О чем они там говорят? Все это звук пустой. Бодрячки-здоровячки, они переступают своими подкованными башмаками через порог моей черепушки, и когда я, в ожидании удара, ищу, где бы мне спрятаться, снова находят меня среди всей этой пустоты и решительно хватают за руку. Держат так, что мне и пальцем не пошевелить. Слышны их начальственные крики. Я давно уже смирился! Меня и сегодня ведут за руку мужчина и женщина, несокрушимые оптимисты, они спят и видят собственный коттедж, который все еще мечтают построить. Несмотря на все усилия, они до сих пор довели дело только до половины. Остальное должны доделать мы, пропащие, каждый берет пару кирпичей, чашку цементного раствора и платит в кассу. Самообслуживание.

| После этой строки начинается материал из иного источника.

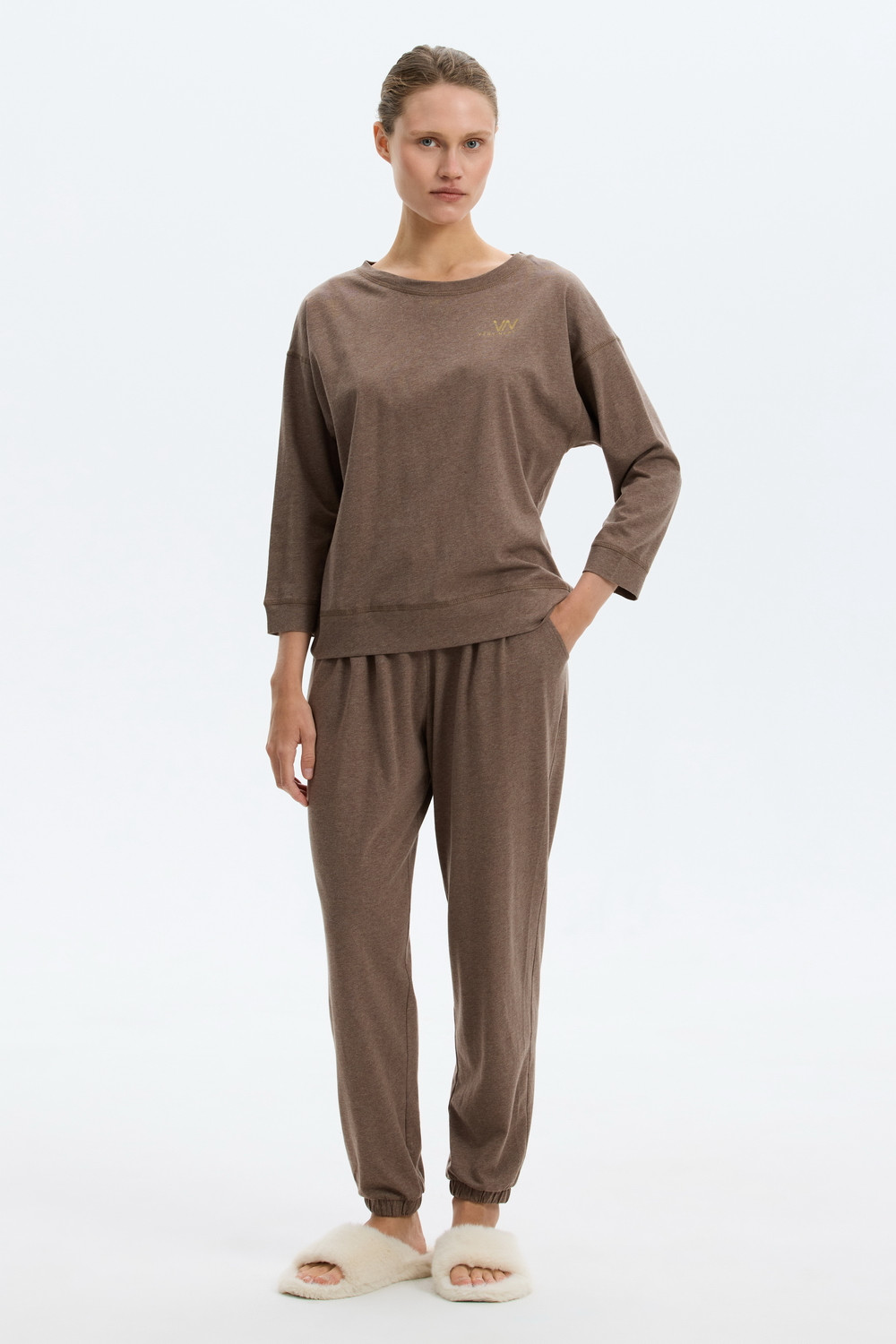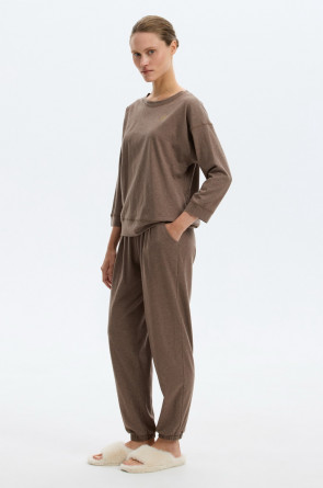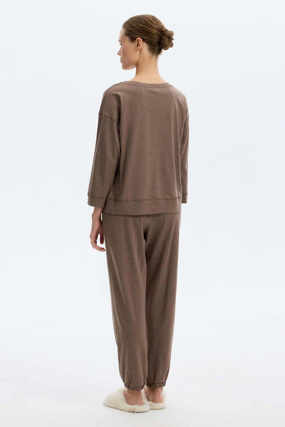 Домашний уют с комплектом из высококачественного хлопка. Зауженный крой брюк и джемпер со спущенным плечом созданы для придания максимального комфорта.

Это его завтрак. Итак, прошу, марш наверх в мою маленькую комнатушку, где воспоминание о моих прежних первопроходческих успехах топчется на полустанке, сносив ноги до задницы. Но если поезда не ходят, какой уж тут полустанок? Скажите, когда отправление? С рельсов сходить поезду нет нужды, он ведь должен ходить по расписанию. Нет такой жизни, которая бы катила всегда по прямой. Без нас, живущих, никто не вправе решать, ходить ли здесь тринадцатому номеру быстро, но нерегулярно, не как часы. Между тем маршрут окончательно решили изменить, и автобус диковинным извилистым путем идет вниз до Альзерштрассе. Я давно уже вышел в тираж, ничего не хочу, не хочу даже столкнуться с Ничто, потому что последнее мне могли подарить уже много лет назад, если бы я только пожелал этого всерьез. Здорово они придумали — показать мне Ничто. Ну, хотите ли вы этого сейчас или нет? У нас самообслуживание. В следующем году мы вас больше не станем спрашивать, будете довольствоваться тем, что у нас останется на складе.

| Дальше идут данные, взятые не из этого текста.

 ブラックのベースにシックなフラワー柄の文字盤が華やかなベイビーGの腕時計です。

Тогда, как и сегодня, я ничего не требовал для себя, стало быть, теперь, хоть и слишком поздно, меня приносят в дар. Хотя нет, нет: Лонели придется все-таки раскошелиться! Это будет ей, конечно, чертовски трудно. Столько денег всего лишь за мое мясо, это ведь не продукт длительного хранения, да и Лонели тоже не вечная. Пожалуйста, пожалуйста. Это понятно, что мне, чужаку, не может быть разрешено время от времени бесцеремонно выставлять себя напоказ публике и с треском, словно двустворчатую дверь, открывать и закрывать ширинку, пока одна из створок не треснет меня по башке. С некоторых пор мне ничего не запрещают и никуда не зовут. В конце концов, я не какой-нибудь турист. Я совершаю профессиональные туры. Часто и с удовольствием езжу на велосипеде. Но моя жена Лонели никогда не разрешает мне отклоняться от ее маршрута. Ну, тогда я отклоняюсь от самого себя. Но теперь я слишком долго не встречал самого себя. Почему мне снова и снова попадается по пути так много других? И, конечно же, не дома с царящей там неизвестностью.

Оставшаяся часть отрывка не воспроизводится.